* _EXERCISE BRIEF_:
The copy you produce must repeat each record exactly and contain no pictures.
### DATA FOR PROCESSING ###
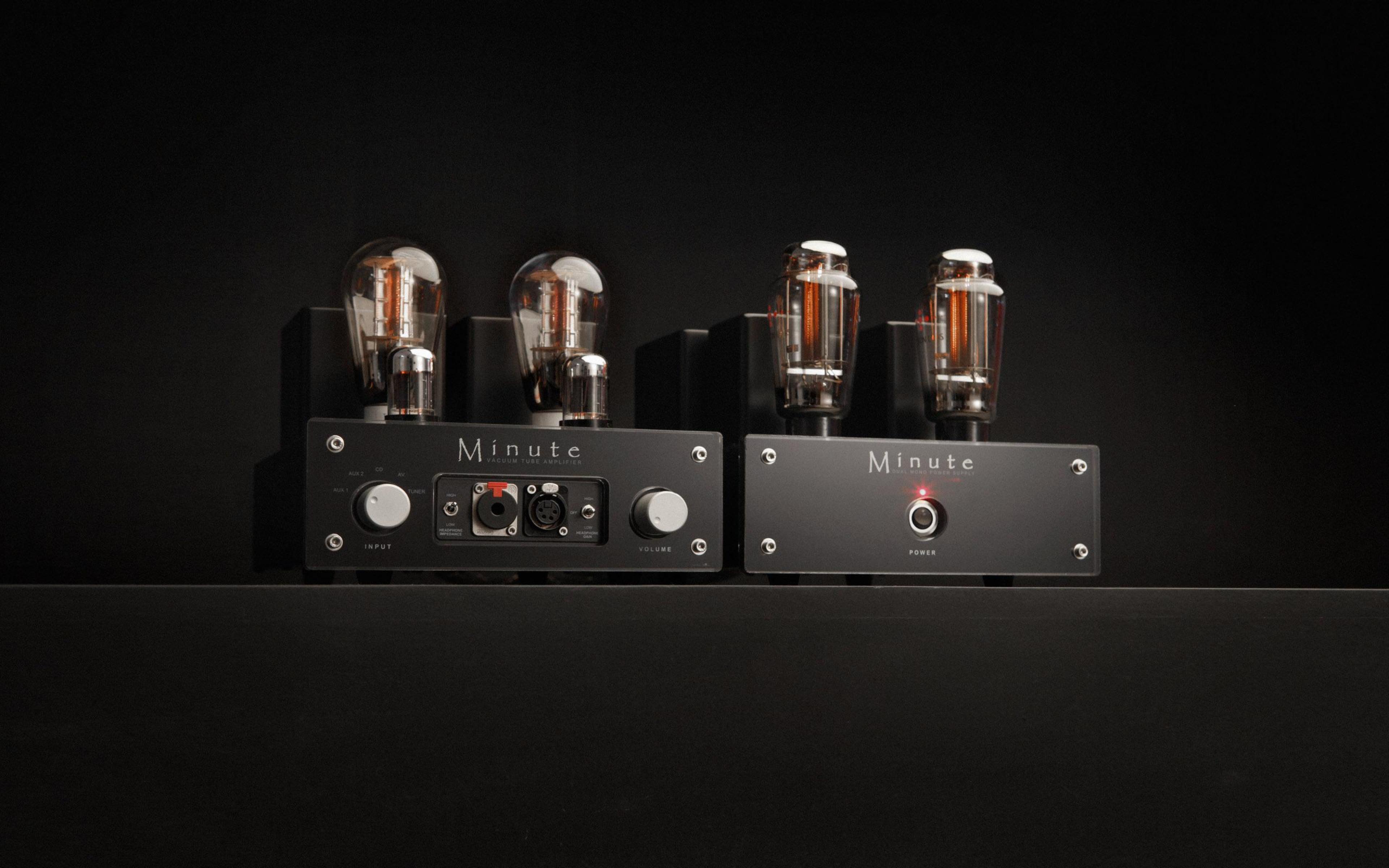 Description: A couple of different types of electronic equipment on a shelf in a room with black walls and black flooring.
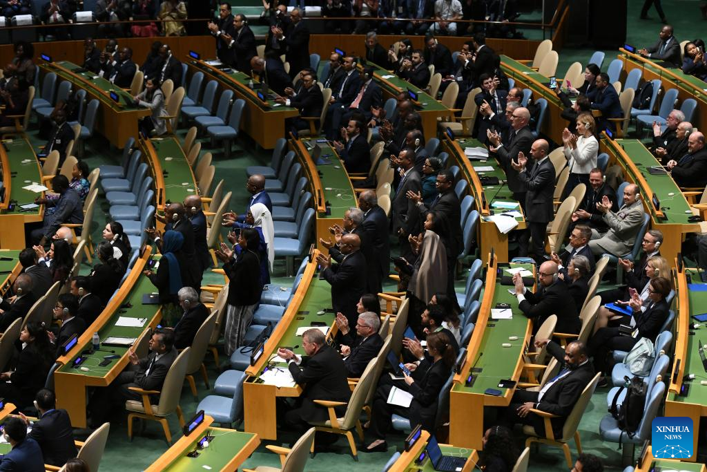 Delegados aplauden mientras el presidente francés, Emmanuel Macron, habla durante la Conferencia Internacional de Alto Nivel para la Solución Pacífica de la Cuestión de Palestina y la Implementación de la Solución de dos Estados, en la sede de la Organización de las Naciones Unidas (ONU), en Nueva York, el 22 de septiembre de 2025. Macron dijo el lunes en una reunión de la ONU sobre la solución de dos Estados que su país reconoce al Estado de Palestina, con lo que se une a la mayoría de los demás Estados miembros de la ONU que ya lo han hecho. (Xinhua/Li Rui)
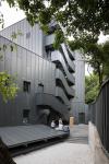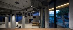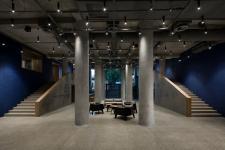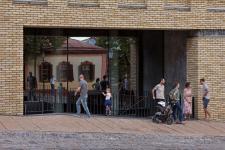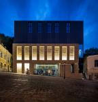 The entry portal establishes both physical and visual communication between the street and the lobby, which is a venue for various events both during the day and in the evening. The portal transmits events from one space into the other, with theatre guests and pedestrians turning into actors and spectators, and vice versa, depending on the view point.
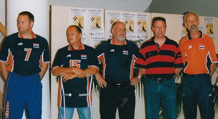 Voor: Gerard Kroon, Edwin Timmerman, Jan vd Meulen (fysio), Gerard Broertjes. Achter: Jacques van Dormolen (coach), Ron Durge, Pieter Top, Edwin vd Broek en Andre Venderbosch.
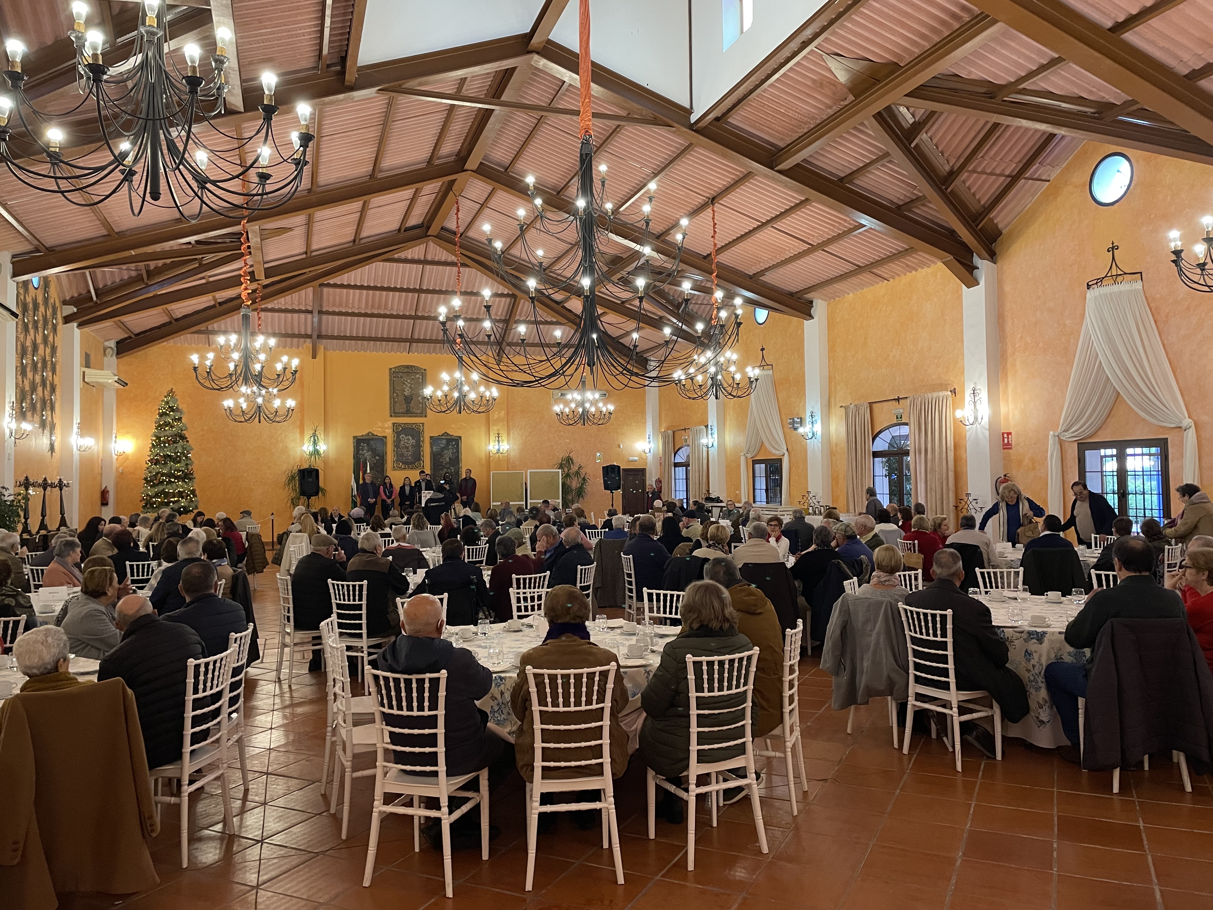 El alcalde les entrega un reconocimiento en la merienda navideña de personas mayores
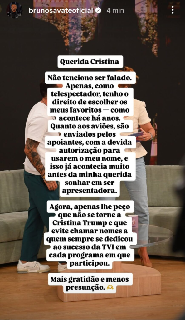 Neste sentido, Bruno Savate também aproveitou a ocasião para fazer um pedido: “Agora, apenas lhe peço que não se torne a Cristina Trump e que evite chamar nomes a quem sempre se dedicou ao sucesso da TVI em cada programa em que participou. Mais gratidão e menos presunção“.
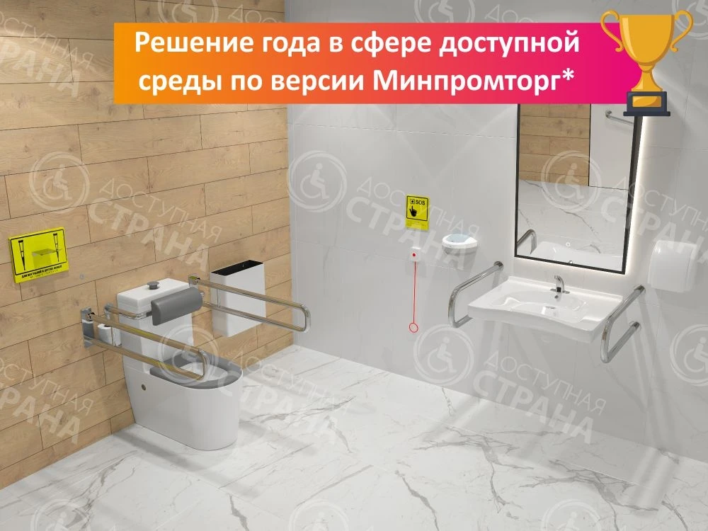В соответствии с действующими нормами СП 59.13330.2020 санузел должен быть адаптирован для инвалидов специализированным оборудованием (все необходимое учтено в наборе!).
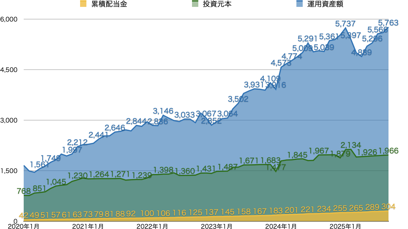 月末時点での運用資産としては過去最高を更新しました。配当金も累計で300万円突破とそれなりに積み上がってきました。
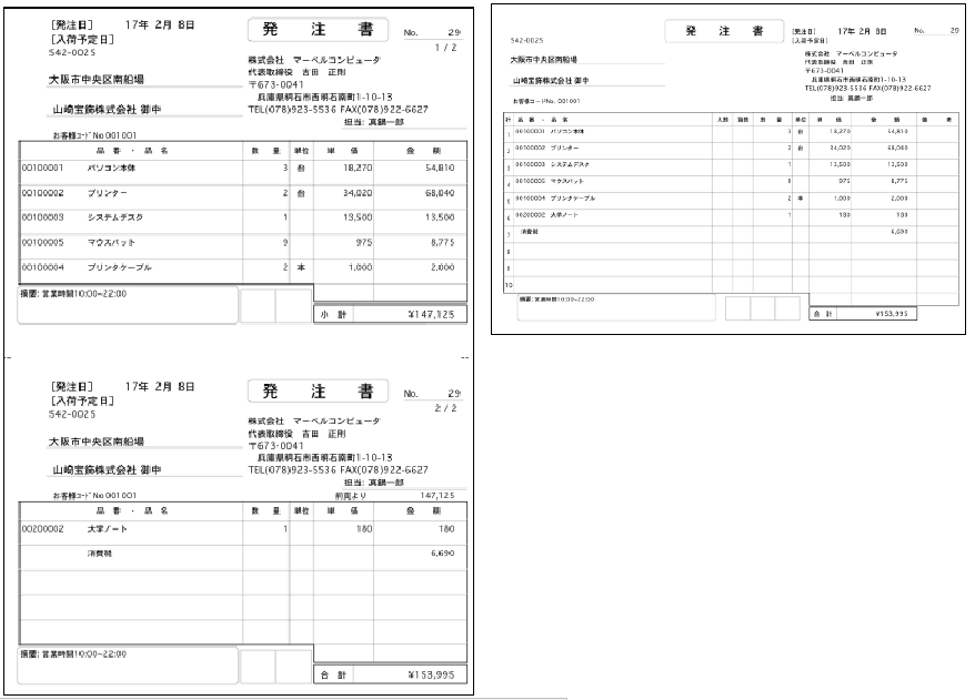 発注日別/仕入先別/支払先別/商品別の明細表を、A4白紙単票用紙に印刷します。
###
* _SOLUTION FOR THIS EXERCISE_:
 Description: A couple of different types of electronic equipment on a shelf in a room with black walls and black flooring.
 Delegados aplauden mientras el presidente francés, Emmanuel Macron, habla durante la Conferencia Internacional de Alto Nivel para la Solución Pacífica de la Cuestión de Palestina y la Implementación de la Solución de dos Estados, en la sede de la Organización de las Naciones Unidas (ONU), en Nueva York, el 22 de septiembre de 2025. Macron dijo el lunes en una reunión de la ONU sobre la solución de dos Estados que su país reconoce al Estado de Palestina, con lo que se une a la mayoría de los demás Estados miembros de la ONU que ya lo han hecho. (Xinhua/Li Rui)
 The entry portal establishes both physical and visual communication between the street and the lobby, which is a venue for various events both during the day and in the evening. The portal transmits events from one space into the other, with theatre guests and pedestrians turning into actors and spectators, and vice versa, depending on the view point.
 Voor: Gerard Kroon, Edwin Timmerman, Jan vd Meulen (fysio), Gerard Broertjes. Achter: Jacques van Dormolen (coach), Ron Durge, Pieter Top, Edwin vd Broek en Andre Venderbosch.
 El alcalde les entrega un reconocimiento en la merienda navideña de personas mayores
 Neste sentido, Bruno Savate também aproveitou a ocasião para fazer um pedido: “Agora, apenas lhe peço que não se torne a Cristina Trump e que evite chamar nomes a quem sempre se dedicou ao sucesso da TVI em cada programa em que participou. Mais gratidão e menos presunção“.
В соответствии с действующими нормами СП 59.13330.2020 санузел должен быть адаптирован для инвалидов специализированным оборудованием (все необходимое учтено в наборе!).
 月末時点での運用資産としては過去最高を更新しました。配当金も累計で300万円突破とそれなりに積み上がってきました。
 発注日別/仕入先別/支払先別/商品別の明細表を、A4白紙単票用紙に印刷します。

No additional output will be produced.